- Entries shown -

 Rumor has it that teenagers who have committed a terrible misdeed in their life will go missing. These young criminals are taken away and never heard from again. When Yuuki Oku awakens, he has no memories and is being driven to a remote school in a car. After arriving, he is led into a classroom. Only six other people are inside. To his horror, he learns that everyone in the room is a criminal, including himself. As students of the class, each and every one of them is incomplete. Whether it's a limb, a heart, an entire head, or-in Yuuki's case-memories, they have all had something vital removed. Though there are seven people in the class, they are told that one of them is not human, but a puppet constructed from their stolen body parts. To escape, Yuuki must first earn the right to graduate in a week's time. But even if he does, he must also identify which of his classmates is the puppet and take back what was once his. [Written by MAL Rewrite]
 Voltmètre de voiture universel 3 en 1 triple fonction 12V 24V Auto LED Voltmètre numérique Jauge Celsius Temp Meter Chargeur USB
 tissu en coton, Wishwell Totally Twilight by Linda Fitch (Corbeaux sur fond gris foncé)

* * *

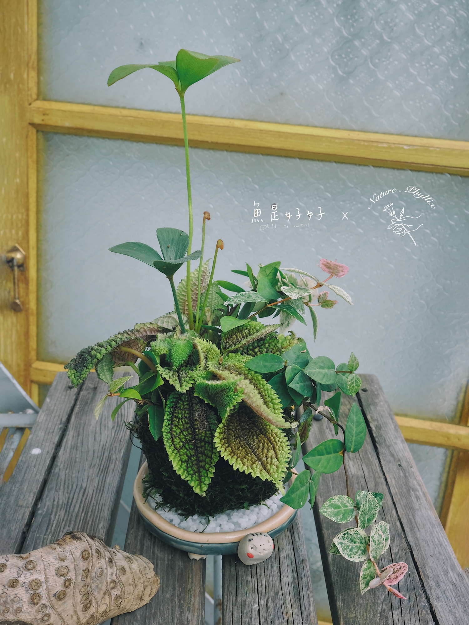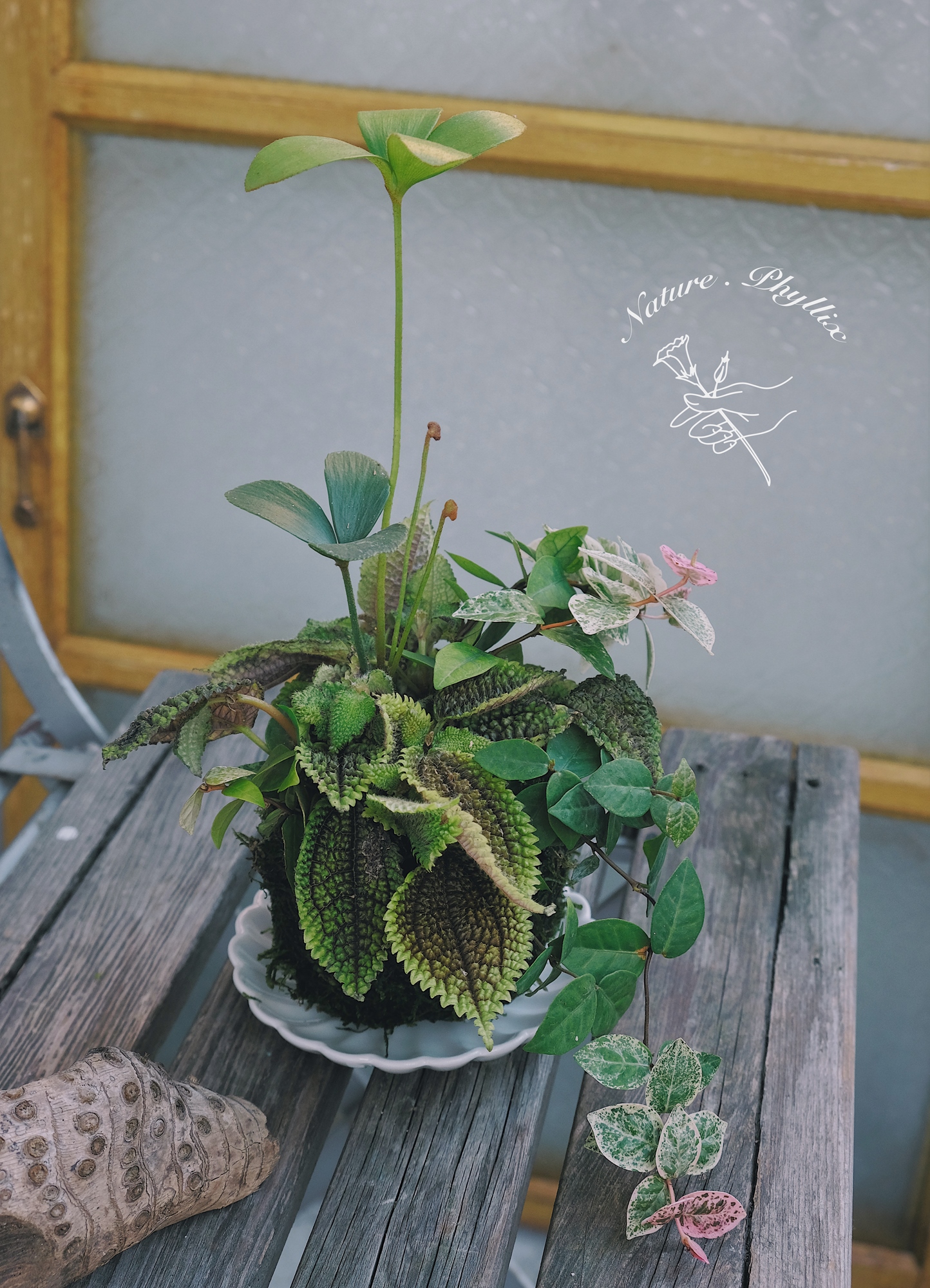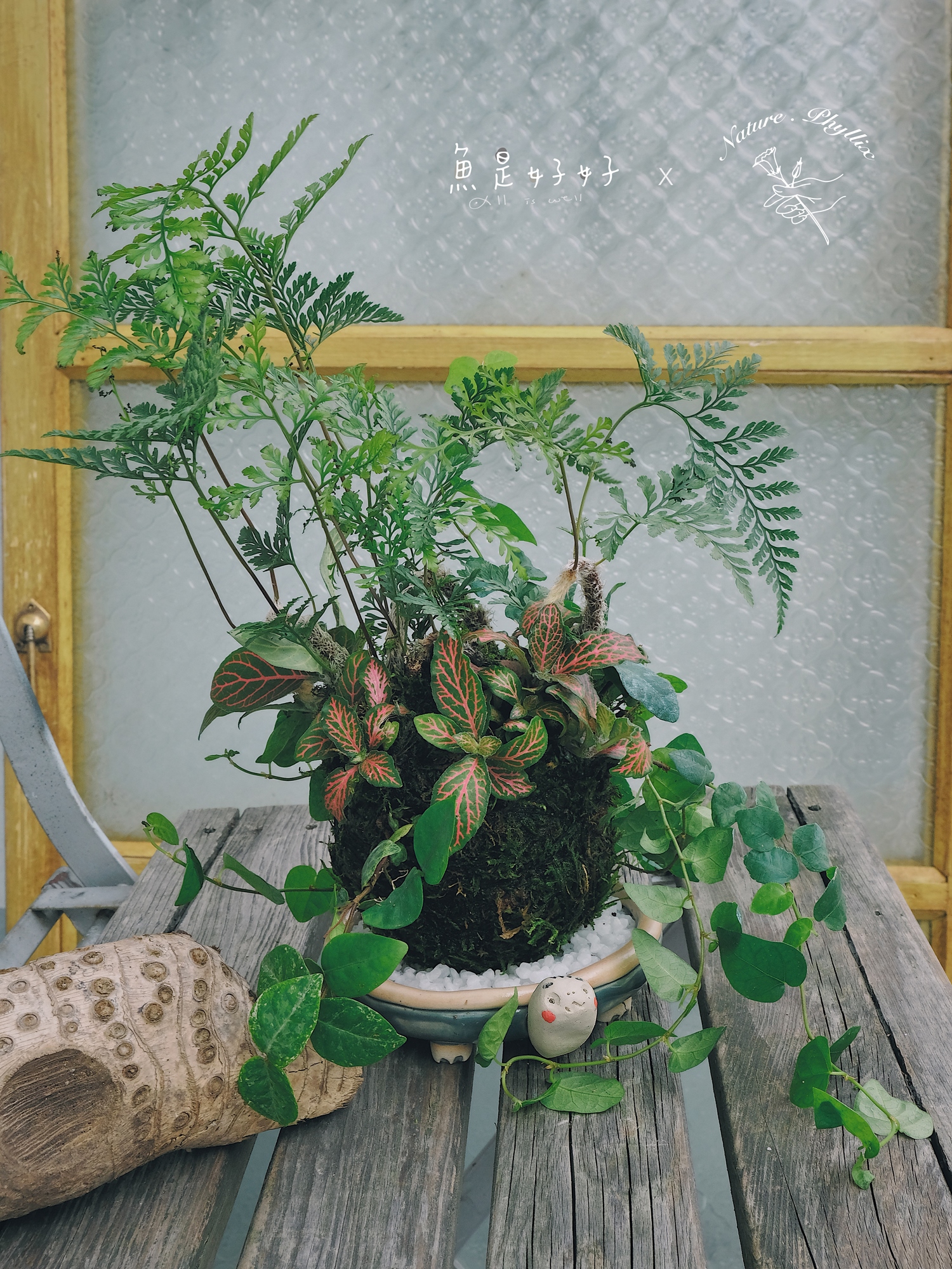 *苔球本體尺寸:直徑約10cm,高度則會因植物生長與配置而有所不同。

...

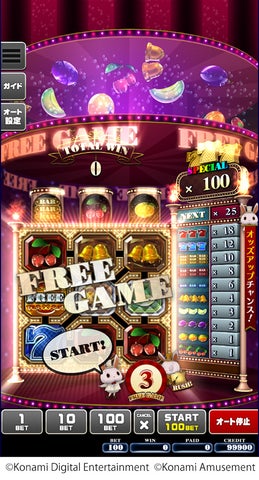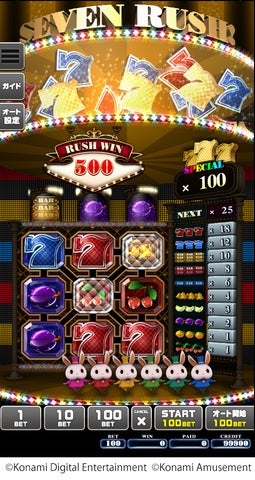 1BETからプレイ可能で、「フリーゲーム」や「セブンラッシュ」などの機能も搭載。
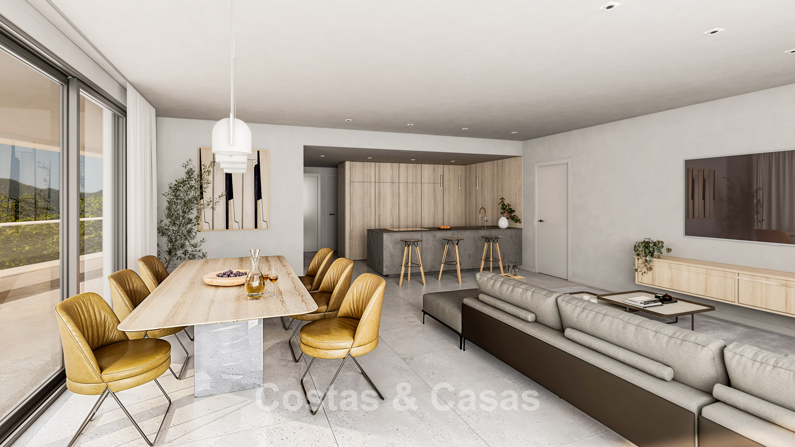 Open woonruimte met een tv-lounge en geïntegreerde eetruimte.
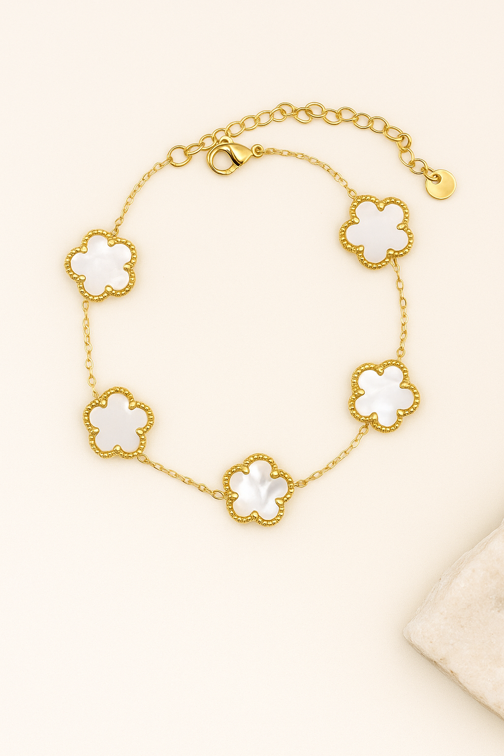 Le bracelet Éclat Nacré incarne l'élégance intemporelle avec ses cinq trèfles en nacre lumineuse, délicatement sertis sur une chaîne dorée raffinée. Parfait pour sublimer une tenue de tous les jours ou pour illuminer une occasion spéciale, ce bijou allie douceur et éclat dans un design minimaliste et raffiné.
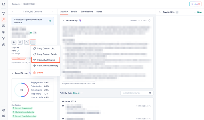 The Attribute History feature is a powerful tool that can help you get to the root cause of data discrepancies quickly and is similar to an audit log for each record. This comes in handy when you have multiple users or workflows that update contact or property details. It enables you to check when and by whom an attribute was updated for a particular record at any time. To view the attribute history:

- About this exercise -
Here the job is to copy the listing above word for word, starting at the line with "Open woonruimte met een" and ending at the line with "Le bracelet Éclat", and to leave out the pictures.

- Solution for this task -
 Open woonruimte met een tv-lounge en geïntegreerde eetruimte.
 Le bracelet Éclat Nacré incarne l'élégance intemporelle avec ses cinq trèfles en nacre lumineuse, délicatement sertis sur une chaîne dorée raffinée. Parfait pour sublimer une tenue de tous les jours ou pour illuminer une occasion spéciale, ce bijou allie douceur et éclat dans un design minimaliste et raffiné.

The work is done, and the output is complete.